Access few areas

For a reason that I'm not yet familiar with, there is a skittishness about taking photos in public places. It's definitely banned around government institutions, which is not unusual. Markets and general street life in so many parts of the world are so full of activity, sights, colours and sounds and I desperately want to blip images of Yambio town. I felt confident to ask this family whether it was ok, after buying some plantains. They kindly obliged and the mother wanted to uncover her sleeping child's head.

In preparation for the field and to stave off the boredom of a weeklong diet of beans and rice, we whisked around the market buying trays of eggs, bags of tomatoes, handfuls of avocados and a pair of prickly pineapples. People have such little spare cash that I was happy to give custom to a few vendors.

Some commodities are in short supply because politics are making imports impossible. Prices in South Sudanese pounds are increasing, but not as fast as the currency is devaluing against the dollar.

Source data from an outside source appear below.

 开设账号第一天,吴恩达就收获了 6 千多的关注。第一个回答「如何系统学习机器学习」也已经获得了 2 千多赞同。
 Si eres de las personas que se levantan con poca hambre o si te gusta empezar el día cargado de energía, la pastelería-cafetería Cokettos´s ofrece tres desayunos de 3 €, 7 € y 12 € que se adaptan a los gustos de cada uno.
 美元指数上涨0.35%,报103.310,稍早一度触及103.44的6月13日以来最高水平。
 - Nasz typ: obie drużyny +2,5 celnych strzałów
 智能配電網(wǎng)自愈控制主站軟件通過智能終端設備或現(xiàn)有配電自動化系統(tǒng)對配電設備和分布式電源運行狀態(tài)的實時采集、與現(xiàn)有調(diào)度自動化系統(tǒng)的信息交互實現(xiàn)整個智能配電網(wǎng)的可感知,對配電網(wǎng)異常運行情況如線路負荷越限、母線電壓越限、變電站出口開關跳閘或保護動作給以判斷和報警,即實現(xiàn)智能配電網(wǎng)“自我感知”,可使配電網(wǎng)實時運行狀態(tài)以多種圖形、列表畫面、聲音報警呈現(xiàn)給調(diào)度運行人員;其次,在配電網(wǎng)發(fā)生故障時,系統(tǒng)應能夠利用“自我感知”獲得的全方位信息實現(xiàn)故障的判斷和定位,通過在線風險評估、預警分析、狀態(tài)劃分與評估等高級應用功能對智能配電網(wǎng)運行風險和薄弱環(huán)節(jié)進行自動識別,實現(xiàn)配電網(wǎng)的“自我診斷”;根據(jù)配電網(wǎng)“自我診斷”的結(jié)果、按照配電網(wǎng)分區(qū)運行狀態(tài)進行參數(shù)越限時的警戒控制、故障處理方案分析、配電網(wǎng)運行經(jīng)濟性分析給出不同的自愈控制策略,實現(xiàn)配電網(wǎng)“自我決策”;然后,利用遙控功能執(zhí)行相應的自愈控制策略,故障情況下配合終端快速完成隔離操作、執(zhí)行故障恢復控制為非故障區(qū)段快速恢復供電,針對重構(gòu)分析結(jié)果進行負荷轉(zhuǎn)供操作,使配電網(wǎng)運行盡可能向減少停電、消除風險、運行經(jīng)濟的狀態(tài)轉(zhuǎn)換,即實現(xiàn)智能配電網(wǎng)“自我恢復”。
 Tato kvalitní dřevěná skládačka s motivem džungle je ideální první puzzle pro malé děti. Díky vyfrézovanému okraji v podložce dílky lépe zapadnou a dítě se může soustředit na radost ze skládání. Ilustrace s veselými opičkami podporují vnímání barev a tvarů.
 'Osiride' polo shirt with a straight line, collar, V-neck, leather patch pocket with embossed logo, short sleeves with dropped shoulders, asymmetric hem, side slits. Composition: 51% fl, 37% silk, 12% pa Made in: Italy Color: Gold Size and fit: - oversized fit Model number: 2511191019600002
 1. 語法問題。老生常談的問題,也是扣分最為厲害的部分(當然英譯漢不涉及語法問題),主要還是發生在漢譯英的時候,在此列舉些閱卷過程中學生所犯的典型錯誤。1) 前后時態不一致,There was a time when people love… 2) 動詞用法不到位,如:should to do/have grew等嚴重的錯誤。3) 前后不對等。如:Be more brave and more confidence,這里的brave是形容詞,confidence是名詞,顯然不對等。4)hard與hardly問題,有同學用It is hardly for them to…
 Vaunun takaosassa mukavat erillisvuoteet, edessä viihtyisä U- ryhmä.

A couple of years ago people were getting 3 pounds for each dollar changed; on this trip we've hit 115. For people who are paid a few hundred pounds per month and whose salaries haven't increased (basically everyone who isn't lucky enough to work for an NGO or foreign company who can switch pay to dollars) there is an increasing air of desperation.

We didn't make it to the field as planned as vehicle trouble delayed us. [In short brakes that were not sensitive enough were tightened by the mechanic so as to make the mechanism unusable, choking us with a burning smell within minutes]

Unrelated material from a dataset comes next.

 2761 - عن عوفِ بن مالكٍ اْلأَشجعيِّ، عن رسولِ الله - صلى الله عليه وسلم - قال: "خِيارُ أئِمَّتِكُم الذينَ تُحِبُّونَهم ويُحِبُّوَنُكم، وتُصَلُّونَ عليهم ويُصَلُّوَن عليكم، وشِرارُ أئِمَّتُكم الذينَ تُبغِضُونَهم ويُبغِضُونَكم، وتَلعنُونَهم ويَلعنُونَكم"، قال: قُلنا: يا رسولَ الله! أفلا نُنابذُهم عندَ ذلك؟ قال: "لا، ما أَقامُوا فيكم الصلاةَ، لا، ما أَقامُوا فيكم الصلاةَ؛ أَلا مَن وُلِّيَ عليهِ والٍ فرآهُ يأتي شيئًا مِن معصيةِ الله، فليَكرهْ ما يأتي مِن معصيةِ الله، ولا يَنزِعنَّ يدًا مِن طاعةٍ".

We made it as far as Nzara, north of Yambio, to do courtesy calls with relevant bigwigs such as the county commissioner. Nzara is notorious as the first place Ebola was described in 1976. The most exciting news in town is the reappearance of a small pod of hippos surprisingly close to homes and riverside communities bathing and washing laundry. The Wildlife Service asked us to investigate complaints of the hippos trampling crops on the way to their nighttime grazing pastures. We did see a few hefty prints and some angry women asking for handouts for school fees to replace what they could have earned from their okra and pumpkins.

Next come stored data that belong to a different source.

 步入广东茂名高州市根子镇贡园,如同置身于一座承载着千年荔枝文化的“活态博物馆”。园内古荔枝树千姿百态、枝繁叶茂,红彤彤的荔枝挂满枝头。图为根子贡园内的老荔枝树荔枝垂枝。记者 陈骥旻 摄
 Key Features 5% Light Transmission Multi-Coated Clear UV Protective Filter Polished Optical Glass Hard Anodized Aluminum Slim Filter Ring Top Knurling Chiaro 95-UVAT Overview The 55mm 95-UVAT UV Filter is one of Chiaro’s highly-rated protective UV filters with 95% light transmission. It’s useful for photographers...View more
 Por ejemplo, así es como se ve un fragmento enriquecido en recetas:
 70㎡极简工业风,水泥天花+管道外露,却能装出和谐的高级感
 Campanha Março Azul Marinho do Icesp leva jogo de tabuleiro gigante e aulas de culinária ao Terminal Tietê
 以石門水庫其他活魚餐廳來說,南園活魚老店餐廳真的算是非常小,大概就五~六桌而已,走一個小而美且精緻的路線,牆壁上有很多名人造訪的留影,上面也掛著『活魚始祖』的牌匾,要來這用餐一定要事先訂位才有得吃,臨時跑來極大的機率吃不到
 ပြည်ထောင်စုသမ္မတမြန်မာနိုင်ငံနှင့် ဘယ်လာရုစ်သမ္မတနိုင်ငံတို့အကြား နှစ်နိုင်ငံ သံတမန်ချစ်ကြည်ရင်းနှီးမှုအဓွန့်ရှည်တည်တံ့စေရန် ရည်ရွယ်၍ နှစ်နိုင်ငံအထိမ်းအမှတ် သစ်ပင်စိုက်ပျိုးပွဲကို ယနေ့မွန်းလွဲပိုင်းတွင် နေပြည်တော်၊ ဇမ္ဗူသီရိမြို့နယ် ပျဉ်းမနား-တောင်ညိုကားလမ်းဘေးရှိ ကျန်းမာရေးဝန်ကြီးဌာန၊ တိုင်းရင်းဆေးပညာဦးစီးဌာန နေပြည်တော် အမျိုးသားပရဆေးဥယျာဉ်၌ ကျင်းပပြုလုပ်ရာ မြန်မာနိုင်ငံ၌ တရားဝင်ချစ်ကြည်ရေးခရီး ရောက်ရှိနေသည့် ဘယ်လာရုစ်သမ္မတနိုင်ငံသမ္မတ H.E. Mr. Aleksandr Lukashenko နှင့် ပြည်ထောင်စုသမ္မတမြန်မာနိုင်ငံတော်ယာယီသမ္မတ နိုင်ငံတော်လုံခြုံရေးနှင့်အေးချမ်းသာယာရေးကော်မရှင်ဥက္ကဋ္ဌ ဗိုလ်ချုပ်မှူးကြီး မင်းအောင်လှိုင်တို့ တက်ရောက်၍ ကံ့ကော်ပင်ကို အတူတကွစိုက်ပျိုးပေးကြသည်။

We made some points about acting safely around mother hippos and their calves and agreed to investigate some more. We also left thinking that these arguments would hold more sway if the women hadn't been trampling all over the (mostly intact) remaining crops as they angrily berated the hippos.

It got my mind motoring that we could expand the project, funding dependent, to look into human-wildlife conflict issues and act as more of an advisory team for the Wildlife Service in general, raising money to deal with problems. However much due diligence would be needed before implementing any changes here given the security and political risks of operating in South Sudan.